Source records:
:::

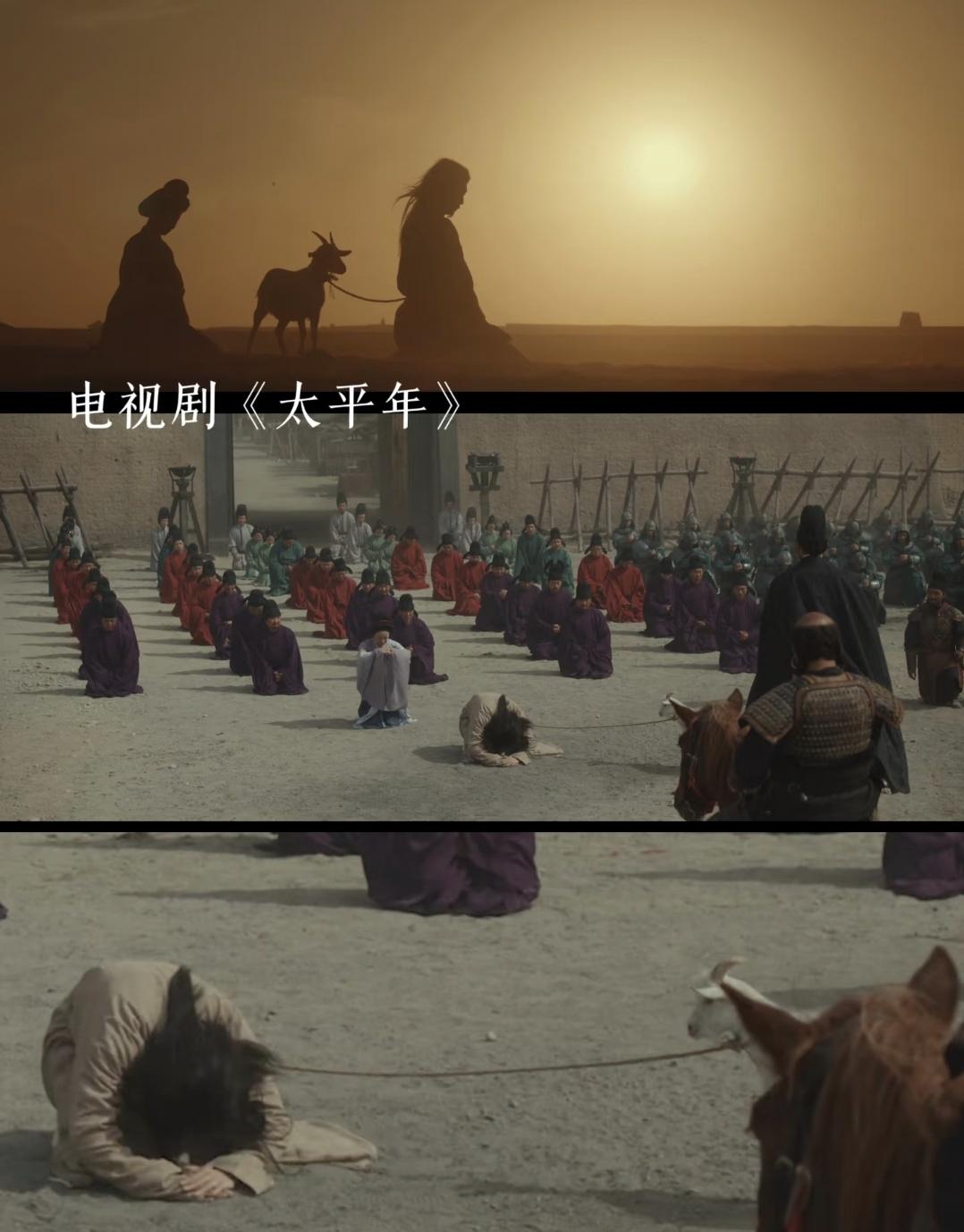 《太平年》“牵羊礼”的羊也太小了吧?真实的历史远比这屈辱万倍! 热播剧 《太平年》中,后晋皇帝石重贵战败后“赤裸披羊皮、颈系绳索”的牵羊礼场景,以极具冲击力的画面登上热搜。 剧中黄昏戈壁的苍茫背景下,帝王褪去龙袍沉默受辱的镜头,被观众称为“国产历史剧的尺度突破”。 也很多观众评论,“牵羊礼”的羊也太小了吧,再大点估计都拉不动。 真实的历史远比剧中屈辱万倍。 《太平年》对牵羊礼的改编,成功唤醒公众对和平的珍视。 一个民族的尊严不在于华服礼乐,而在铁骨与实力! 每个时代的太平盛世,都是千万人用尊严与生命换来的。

:::

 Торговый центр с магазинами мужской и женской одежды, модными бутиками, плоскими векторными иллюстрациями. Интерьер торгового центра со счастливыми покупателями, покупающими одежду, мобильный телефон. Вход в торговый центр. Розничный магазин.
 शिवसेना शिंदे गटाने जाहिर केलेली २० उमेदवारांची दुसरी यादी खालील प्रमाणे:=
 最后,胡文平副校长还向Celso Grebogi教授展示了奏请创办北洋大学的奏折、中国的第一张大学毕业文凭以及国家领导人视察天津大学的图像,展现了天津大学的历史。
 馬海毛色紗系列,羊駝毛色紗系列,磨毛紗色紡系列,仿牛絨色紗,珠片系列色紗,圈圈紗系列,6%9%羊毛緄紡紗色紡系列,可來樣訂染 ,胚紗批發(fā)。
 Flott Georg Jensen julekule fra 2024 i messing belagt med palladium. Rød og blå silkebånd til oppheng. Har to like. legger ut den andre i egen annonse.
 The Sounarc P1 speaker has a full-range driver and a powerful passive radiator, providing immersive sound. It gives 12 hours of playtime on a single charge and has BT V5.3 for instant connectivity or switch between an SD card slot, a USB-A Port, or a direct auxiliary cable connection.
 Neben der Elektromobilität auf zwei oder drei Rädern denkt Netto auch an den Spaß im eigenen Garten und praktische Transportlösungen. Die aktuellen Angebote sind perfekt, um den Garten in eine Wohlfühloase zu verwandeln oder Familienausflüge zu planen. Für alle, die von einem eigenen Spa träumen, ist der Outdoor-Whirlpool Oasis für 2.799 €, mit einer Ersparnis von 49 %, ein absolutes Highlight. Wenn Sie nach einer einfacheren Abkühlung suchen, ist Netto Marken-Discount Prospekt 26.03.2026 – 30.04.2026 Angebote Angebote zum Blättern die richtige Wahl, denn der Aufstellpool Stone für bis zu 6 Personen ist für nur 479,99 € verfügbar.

:::

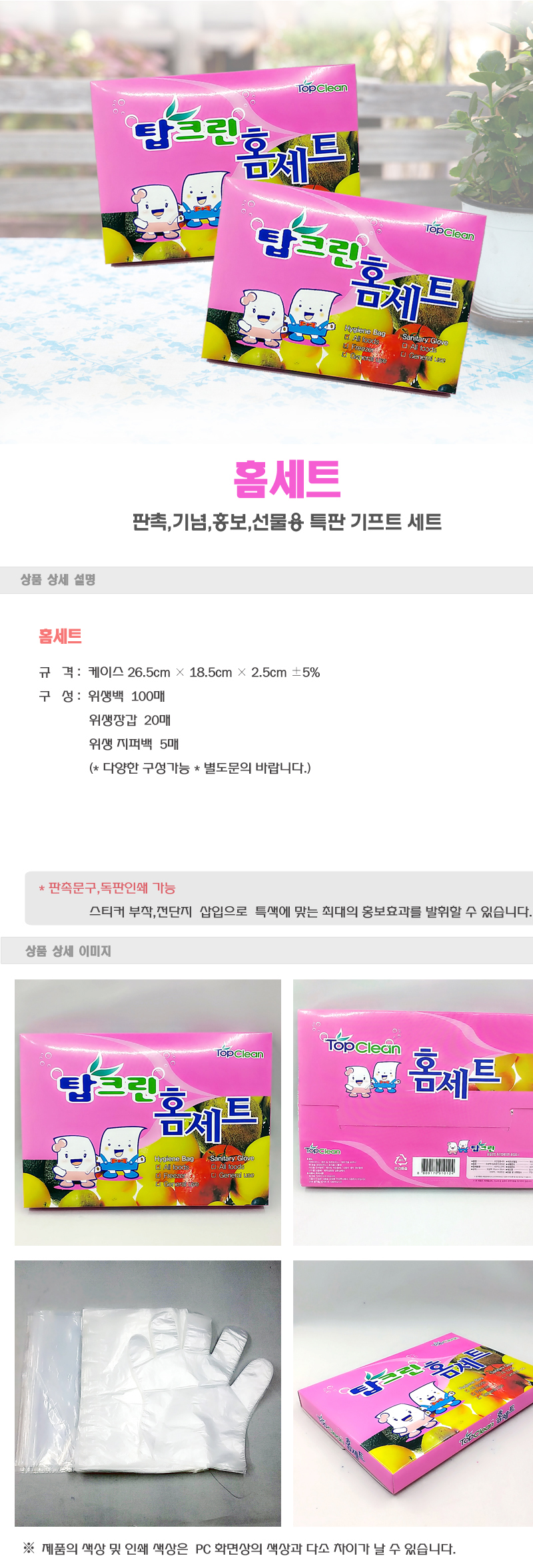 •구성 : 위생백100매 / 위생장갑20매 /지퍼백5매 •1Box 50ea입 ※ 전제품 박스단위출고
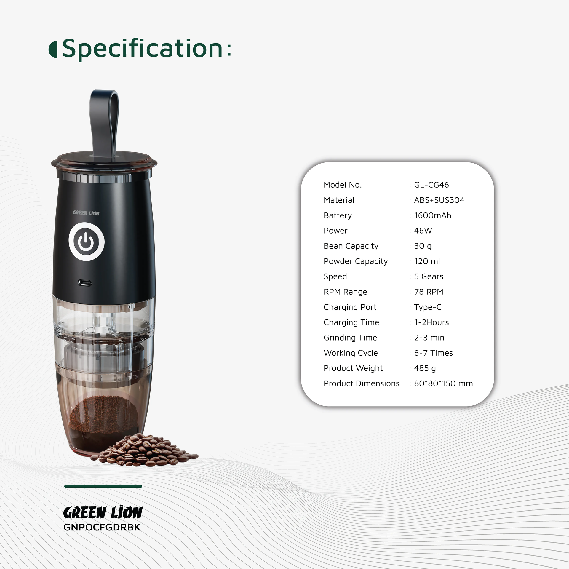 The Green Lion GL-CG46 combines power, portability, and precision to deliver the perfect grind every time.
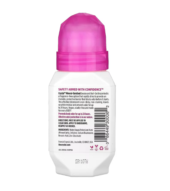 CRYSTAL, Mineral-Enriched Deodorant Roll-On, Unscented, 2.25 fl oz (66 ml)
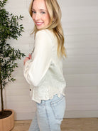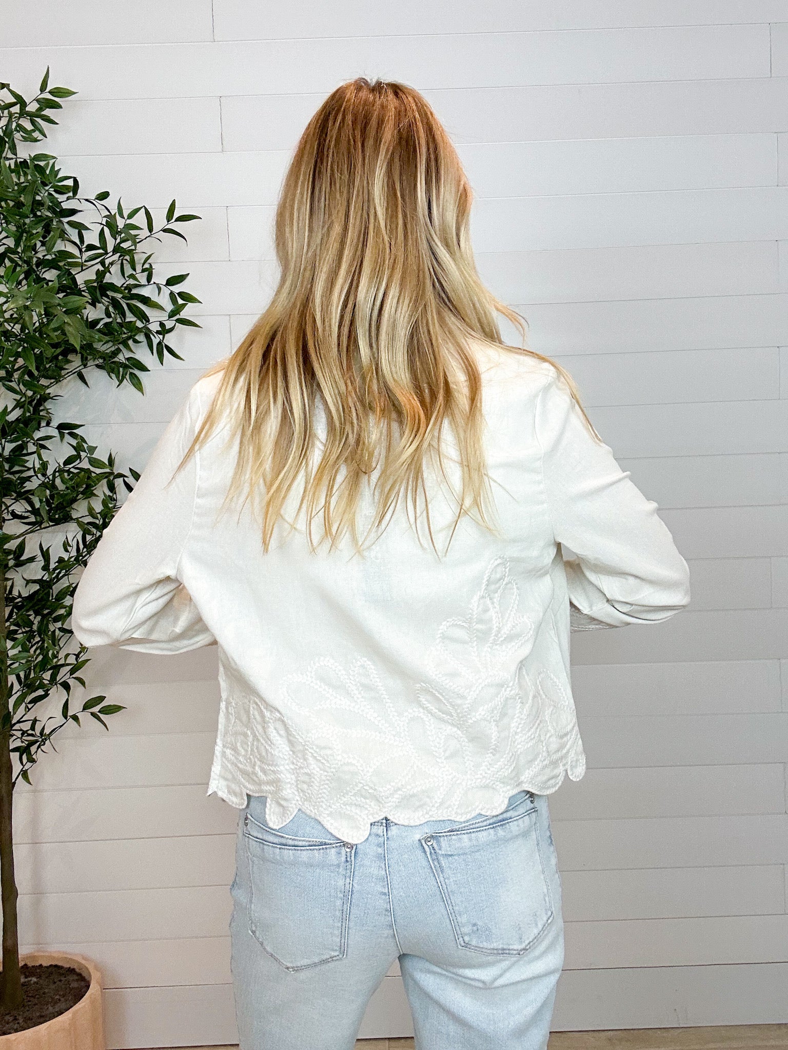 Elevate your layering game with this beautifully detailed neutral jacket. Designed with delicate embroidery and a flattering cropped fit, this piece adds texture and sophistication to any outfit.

:::

What you are asked to do:
Look back at the entries above and repeat, unchanged, every line from the line holding "Торговый центр с" through the line holding "शिवसेना शिंदे गटाने".

Answer box:
 Торговый центр с магазинами мужской и женской одежды, модными бутиками, плоскими векторными иллюстрациями. Интерьер торгового центра со счастливыми покупателями, покупающими одежду, мобильный телефон. Вход в торговый центр. Розничный магазин.
 शिवसेना शिंदे गटाने जाहिर केलेली २० उमेदवारांची दुसरी यादी खालील प्रमाणे:=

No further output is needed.